- **Exercise instructions**: Note how many lines in these entries contain "building", and reply with that number alone.

(Data excerpts)
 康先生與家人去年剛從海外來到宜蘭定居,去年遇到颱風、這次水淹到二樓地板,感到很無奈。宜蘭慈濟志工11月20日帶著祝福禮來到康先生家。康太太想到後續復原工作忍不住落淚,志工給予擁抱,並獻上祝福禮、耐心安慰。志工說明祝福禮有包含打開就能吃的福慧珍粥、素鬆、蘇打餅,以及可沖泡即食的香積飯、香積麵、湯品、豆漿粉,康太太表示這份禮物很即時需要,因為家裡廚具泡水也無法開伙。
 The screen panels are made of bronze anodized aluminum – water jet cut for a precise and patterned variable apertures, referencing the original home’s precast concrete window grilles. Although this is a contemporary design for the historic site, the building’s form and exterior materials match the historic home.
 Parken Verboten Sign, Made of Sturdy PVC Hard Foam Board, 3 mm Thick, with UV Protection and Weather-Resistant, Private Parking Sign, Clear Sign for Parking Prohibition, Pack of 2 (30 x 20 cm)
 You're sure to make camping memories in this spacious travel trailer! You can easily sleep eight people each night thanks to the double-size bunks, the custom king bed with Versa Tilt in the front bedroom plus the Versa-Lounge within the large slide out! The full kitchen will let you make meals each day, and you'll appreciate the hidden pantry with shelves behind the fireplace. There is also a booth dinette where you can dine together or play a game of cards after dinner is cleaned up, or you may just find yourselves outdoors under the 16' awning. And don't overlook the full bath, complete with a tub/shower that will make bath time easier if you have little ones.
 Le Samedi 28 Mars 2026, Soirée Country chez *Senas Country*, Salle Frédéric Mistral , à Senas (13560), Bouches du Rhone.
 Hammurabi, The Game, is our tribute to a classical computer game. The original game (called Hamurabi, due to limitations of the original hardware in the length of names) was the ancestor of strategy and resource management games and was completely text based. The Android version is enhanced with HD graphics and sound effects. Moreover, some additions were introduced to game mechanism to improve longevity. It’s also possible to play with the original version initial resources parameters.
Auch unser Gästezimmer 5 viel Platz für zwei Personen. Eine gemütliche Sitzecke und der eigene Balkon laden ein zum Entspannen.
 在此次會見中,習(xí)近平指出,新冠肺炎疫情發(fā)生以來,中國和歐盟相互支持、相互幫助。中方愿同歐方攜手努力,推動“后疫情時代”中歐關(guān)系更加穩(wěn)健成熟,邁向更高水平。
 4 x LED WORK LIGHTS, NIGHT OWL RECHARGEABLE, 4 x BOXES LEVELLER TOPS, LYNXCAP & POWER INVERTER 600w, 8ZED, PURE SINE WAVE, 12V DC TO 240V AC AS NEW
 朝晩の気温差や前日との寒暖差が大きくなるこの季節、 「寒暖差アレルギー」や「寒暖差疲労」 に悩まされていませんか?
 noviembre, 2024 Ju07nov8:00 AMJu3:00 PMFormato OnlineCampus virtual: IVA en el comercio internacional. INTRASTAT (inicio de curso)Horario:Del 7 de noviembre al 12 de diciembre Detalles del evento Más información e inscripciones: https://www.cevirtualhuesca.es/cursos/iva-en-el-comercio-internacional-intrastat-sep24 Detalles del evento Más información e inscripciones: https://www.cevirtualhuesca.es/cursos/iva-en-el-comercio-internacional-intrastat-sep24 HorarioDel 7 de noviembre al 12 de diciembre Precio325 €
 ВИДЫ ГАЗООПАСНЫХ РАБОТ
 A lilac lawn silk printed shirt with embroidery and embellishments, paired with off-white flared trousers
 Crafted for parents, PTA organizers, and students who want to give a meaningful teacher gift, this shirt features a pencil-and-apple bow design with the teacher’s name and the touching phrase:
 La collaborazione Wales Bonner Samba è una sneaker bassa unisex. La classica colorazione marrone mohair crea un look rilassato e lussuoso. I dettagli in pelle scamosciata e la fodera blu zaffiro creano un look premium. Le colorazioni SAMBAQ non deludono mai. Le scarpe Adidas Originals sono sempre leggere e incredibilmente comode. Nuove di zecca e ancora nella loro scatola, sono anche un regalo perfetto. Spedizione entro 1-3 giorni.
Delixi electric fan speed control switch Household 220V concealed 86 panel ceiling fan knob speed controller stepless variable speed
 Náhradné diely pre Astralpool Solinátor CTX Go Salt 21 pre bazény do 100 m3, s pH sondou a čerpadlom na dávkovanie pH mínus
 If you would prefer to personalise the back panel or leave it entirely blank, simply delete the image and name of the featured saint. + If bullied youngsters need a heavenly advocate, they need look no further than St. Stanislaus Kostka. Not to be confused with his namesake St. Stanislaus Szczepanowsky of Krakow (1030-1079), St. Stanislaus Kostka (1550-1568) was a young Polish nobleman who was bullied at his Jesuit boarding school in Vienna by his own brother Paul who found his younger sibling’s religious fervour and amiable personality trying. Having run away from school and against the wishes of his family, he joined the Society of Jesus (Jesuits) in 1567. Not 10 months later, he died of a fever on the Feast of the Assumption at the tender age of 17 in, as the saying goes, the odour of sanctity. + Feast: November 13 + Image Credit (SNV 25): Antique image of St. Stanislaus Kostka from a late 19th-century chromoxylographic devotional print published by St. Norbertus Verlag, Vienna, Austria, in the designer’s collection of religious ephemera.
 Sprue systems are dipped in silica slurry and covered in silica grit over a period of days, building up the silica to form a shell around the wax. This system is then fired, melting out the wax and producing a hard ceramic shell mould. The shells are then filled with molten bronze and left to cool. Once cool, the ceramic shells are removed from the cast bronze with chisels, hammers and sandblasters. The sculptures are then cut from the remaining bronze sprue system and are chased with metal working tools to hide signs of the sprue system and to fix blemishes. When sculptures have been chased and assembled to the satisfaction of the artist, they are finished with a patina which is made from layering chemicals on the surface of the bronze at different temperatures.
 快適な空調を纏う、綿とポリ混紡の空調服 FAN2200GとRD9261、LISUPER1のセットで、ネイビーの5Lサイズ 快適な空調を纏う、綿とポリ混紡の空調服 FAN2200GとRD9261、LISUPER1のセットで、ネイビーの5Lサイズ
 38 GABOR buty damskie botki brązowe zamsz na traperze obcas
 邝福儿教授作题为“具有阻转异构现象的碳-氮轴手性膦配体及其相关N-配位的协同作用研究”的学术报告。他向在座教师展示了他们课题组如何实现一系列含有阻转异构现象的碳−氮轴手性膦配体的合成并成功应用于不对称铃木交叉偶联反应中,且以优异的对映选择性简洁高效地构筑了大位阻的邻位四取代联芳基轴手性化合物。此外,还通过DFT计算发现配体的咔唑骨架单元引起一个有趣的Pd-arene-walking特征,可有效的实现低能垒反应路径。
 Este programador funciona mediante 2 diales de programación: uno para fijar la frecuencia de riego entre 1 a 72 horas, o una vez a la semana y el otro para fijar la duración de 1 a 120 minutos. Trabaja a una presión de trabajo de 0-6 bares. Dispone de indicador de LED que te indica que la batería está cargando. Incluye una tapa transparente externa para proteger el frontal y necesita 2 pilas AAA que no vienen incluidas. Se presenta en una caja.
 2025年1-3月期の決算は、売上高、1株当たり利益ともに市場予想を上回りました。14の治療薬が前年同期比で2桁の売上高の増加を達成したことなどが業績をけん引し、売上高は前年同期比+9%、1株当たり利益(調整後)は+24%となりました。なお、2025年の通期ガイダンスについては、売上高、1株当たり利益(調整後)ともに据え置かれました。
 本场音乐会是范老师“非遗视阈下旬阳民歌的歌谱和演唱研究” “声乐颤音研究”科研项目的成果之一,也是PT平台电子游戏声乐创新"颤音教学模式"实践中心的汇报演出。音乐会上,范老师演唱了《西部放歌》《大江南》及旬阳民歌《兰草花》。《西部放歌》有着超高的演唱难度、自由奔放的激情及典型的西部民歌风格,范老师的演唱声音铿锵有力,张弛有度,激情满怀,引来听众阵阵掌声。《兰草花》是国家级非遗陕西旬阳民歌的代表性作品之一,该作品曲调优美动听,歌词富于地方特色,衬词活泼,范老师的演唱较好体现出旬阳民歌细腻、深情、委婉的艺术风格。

- **Answer area**: 2